[Start of section]
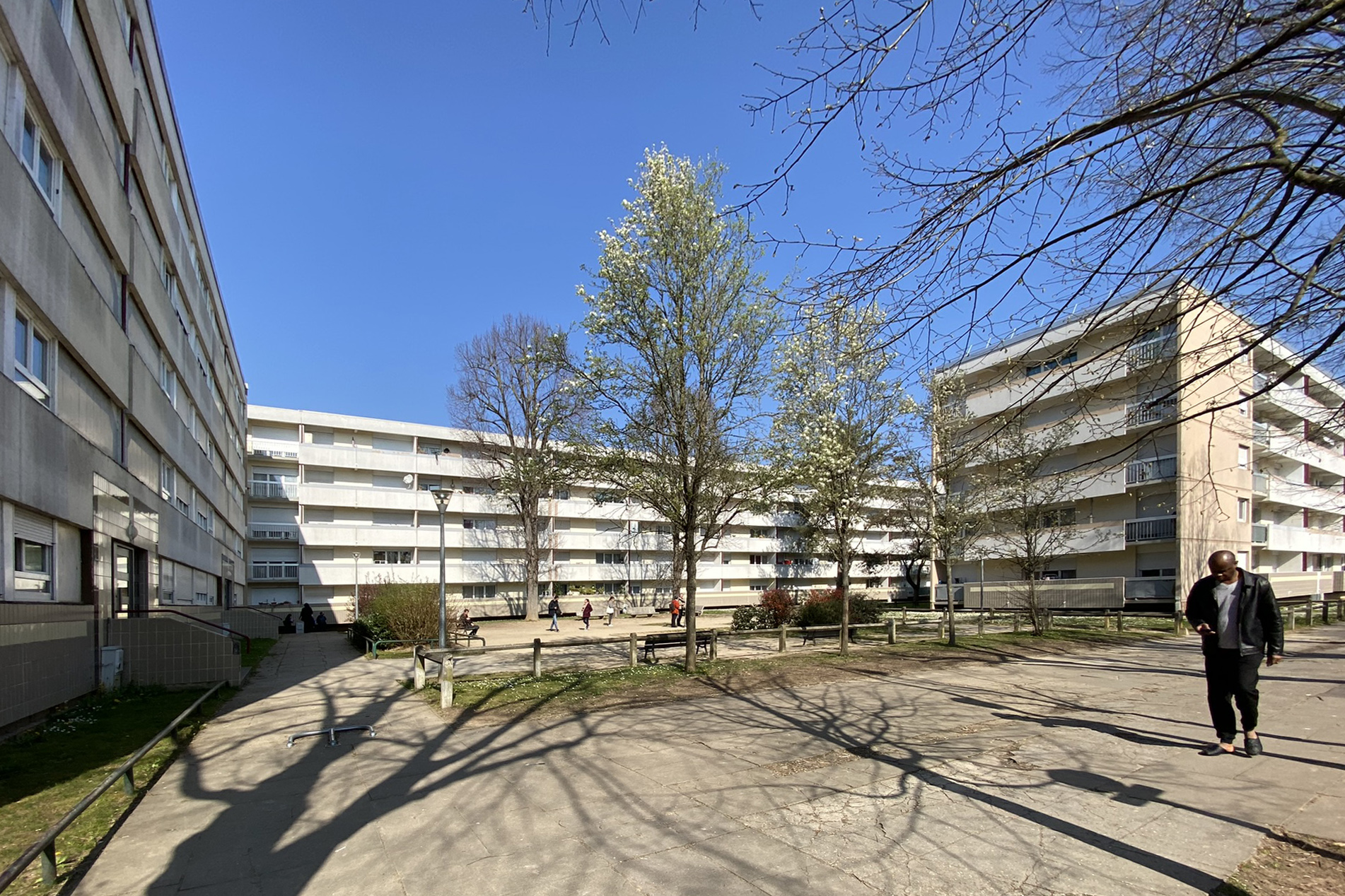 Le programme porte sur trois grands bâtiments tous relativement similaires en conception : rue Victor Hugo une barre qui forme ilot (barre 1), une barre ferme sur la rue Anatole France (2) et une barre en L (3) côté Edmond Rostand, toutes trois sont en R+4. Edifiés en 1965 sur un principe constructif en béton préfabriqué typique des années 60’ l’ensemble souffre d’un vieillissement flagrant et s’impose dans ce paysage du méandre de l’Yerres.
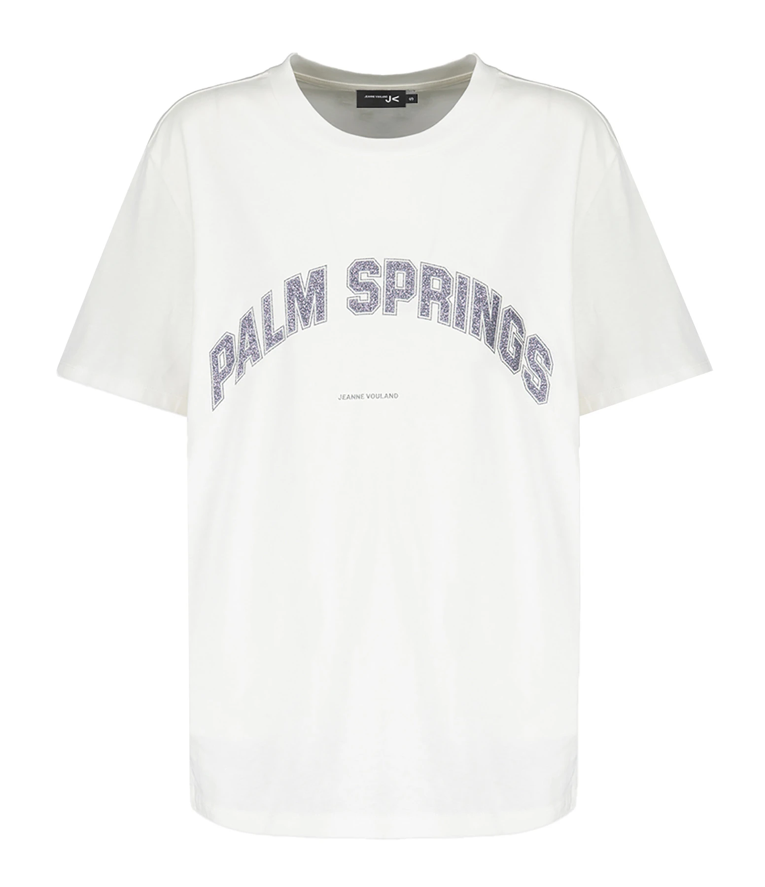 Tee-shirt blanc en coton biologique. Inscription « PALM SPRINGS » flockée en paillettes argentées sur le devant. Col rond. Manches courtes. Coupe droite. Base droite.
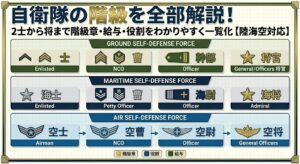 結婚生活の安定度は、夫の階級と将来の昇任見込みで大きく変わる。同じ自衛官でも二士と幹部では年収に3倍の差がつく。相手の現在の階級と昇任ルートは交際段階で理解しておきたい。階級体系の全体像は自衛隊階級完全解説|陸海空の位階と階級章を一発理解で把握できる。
[End of section]
## WHAT YOU ARE ASKED TO DO
Output the material above word for word. Leave out its images.

## EXERCISE RESULT
 Le programme porte sur trois grands bâtiments tous relativement similaires en conception : rue Victor Hugo une barre qui forme ilot (barre 1), une barre ferme sur la rue Anatole France (2) et une barre en L (3) côté Edmond Rostand, toutes trois sont en R+4. Edifiés en 1965 sur un principe constructif en béton préfabriqué typique des années 60’ l’ensemble souffre d’un vieillissement flagrant et s’impose dans ce paysage du méandre de l’Yerres.
 Tee-shirt blanc en coton biologique. Inscription « PALM SPRINGS » flockée en paillettes argentées sur le devant. Col rond. Manches courtes. Coupe droite. Base droite.
 結婚生活の安定度は、夫の階級と将来の昇任見込みで大きく変わる。同じ自衛官でも二士と幹部では年収に3倍の差がつく。相手の現在の階級と昇任ルートは交際段階で理解しておきたい。階級体系の全体像は自衛隊階級完全解説|陸海空の位階と階級章を一発理解で把握できる。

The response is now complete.